NASHVILLE -- Tennessee lawmakers anticipate that a special committee will be needed to work out differences in a proposal that would allow people with handgun-carry permits to be armed in all of the state's parks -- including greenways, playgrounds and sports fields.
When the so-called guns-in-parks bill passed overwhelmingly earlier this month, a change was made to add the state Capitol complex to the areas where permit holders could be armed.
The House voted overwhelmingly for the original bill but didn't agree with the change and voted to strip that amendment from the proposal, which was sent back to the Senate. Members of that chamber voted against the change Monday afternoon and sent the measure back to the House.
If the House stands by its action, then a conference committee will be appointed to hammer out differences.
Republican Sen. John Stevens of Huntingdon, the sponsor of the proposal, didn't return a call to The Associated Press earlier Monday seeking comment about his intentions.
But Senate Majority Leader Mark Norris of Collierville said he expects the proposal to be sent to a conference committee.
Senate Speaker Ron Ramsey told reporters the same last week.
"I think we'll get something out of conference committee that will be palatable to both houses," said Ramsey, R-Blountville.
Ramsey said such a committee could also clear up confusion over what should happen in the case of parks that are used by schools, an issue that concerns Republican Gov. Bill Haslam.

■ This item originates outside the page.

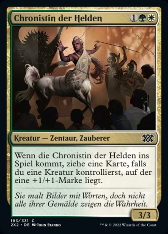 | Rules | When Chronicler of Heroes enters the battlefield, draw a card if you control a creature with a +1/+1 counter on it. |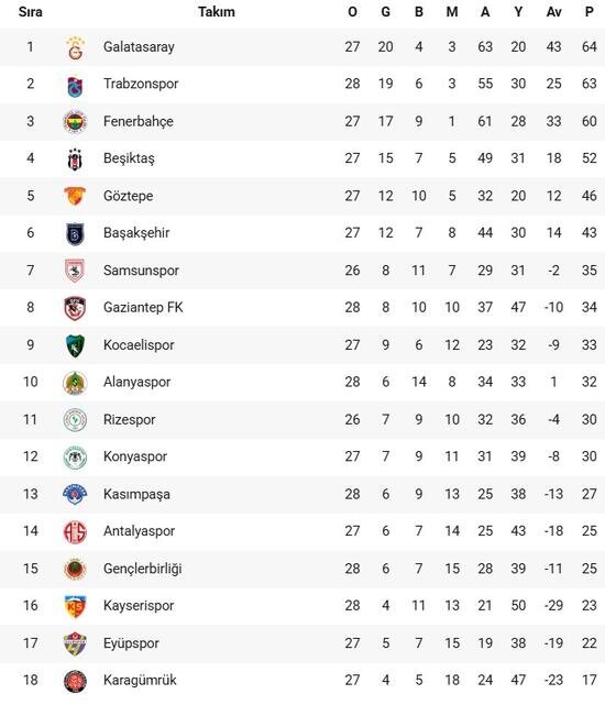 Trendyol Süper Lig'in 28. haftasında Trabzonspor, Galatasaray'ı 2-1 mağlup etti.

The governor has said there are also "major concerns" about the provision allowing guns on the Capitol grounds.
"The bottom line is I ... want the guns in parks bill to pass," Ramsey said. "I don't want the governor to veto it, or even let it become law without his signature."
A law enacted in 2009 to allow guns in Tennessee parks included an opt-out provision for city and county governments, and more than 70 communities initially decided to keep their gun bans in place.
Opponents argued the law creates confusion for permit holders about where they can legally be armed, and a bill was introduced seeking to end the exemption.
Haslam opposed similar legislation in the past, and as Knoxville mayor supported a 2009 city council vote that kept in place a ban on handguns in some of the city's parks.